All three vehicles will have a sat-nav fitted as standard, which can be used to alert the driver to the nearest available charging station when required.

Steve Farnworth, Assistant Director of Operational Support said: “These vehicles have an excellent range as the cars are capable of up to 256 miles when they are fully charged.

“Our solo response cars complete around 39 miles per day on average, meaning one charge should last a full 12-hour shift without the need to charge again.

“This means these life-saving vehicles can spend more time on the road to be able to respond to patients who need us in an emergency.”

The introduction of these electric vehicles threads into our wider and ongoing commitment to reach net zero carbon emissions we control directly at EMAS by 2040.
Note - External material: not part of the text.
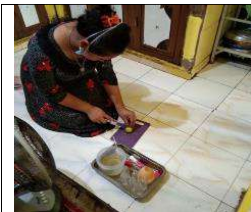
Gambar L7.17. Persiapan Pencampuran Bahan
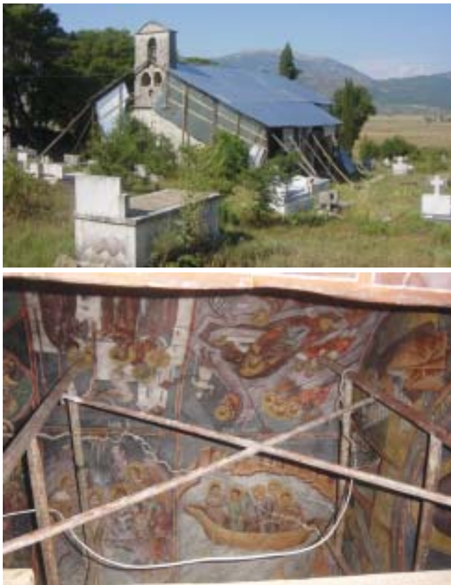
Pamje e jashtme dhe e brendshme e Kishës gjatë punimeve

Cara Turton-Chambers, Sustainability Manager at EMAS said: “The climate emergency is also a health emergency, with a changing climate increasing the demand for the services provided by EMAS and the wider NHS.

“Therefore, we welcome these zero-emission cars as we recognise their importance in reducing the negative health impacts caused by air pollution and helping us reach net zero.

“It’s great to see that our EV A&E fleet is expanding, as it shows a positive step in the right direction towards us recognising and utilising this innovative technology, allowing us to be at the forefront to deliver sustainable care.

“We have recently formalised our Net Zero Steering Group at EMAS, which has executive representation from each trust directorate to ensure strategic leadership and commitment to meet our net zero goals.”